Adults experiencing a pulmonary exacerbation of CF being treated with standard care that included aminoglycoside therapy. Eighty nine participants in fifteen US and EU centres were randomized.
Interventions
Patients were randomized equally to a concomitant 14-day course of placebo, or one of 5 dosing regimens of cysteamine.
Outcome measures
Outcomes were recorded on days 0, 7, 14 and 21 and included sputum bacterial load and the patient reported outcome measures (PROMs): Chronic Respiratory Infection Symptom Score (CRISS), the Cystic Fibrosis Questionnaire-Revised (CFQ-R); FEV1, blood leukocyte count, and inflammatory markers.
Main results
78 subjects completed the 14-day treatment period.
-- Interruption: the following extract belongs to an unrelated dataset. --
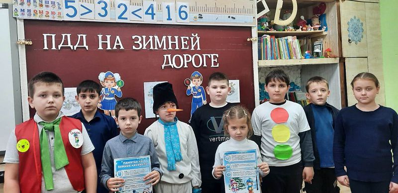 Главное правило поведения на дороге зимой - удвоенное внимание и повышенная осторожность. Дети редко акцентируют внимание на специфические "зимние" опасности, поэтому юидовцы в форме игры-викторины и участия сказочного героя Снеговика напомнили о необходимости правил поведения на зимней дороге, рассмотрели различные ситуации безопасности жизни и здоровья в зимнее время, закрепили знание дорожных знаков и вручили памятки поведения на зимних каникулах.

Cysteamine had no significant effect on sputum bacterial load, however technical difficulties limited interpretation. The most consistent findings were for cysteamine 450mg twice daily that had effects additional to that observed with placebo, with improved symptoms, CRISS additional 9.85 points (95% CI 0.02, 19.7) p = 0.05, reduced blood leukocyte count by 2.46x109 /l (95% CI 0.11, 4.80), p = 0.041 and reduced CRP by geometric mean 2.57 nmol/l (95% CI 0.15, 0.99), p = 0.049.
Authors' conclusions
In this exploratory study cysteamine appeared to be safe and well-tolerated. Future pivotal trials investigating the utility of cysteamine in pulmonary exacerbations of CF need to include the cysteamine 450mg doses and CRISS and blood leukocyte count as outcome measures.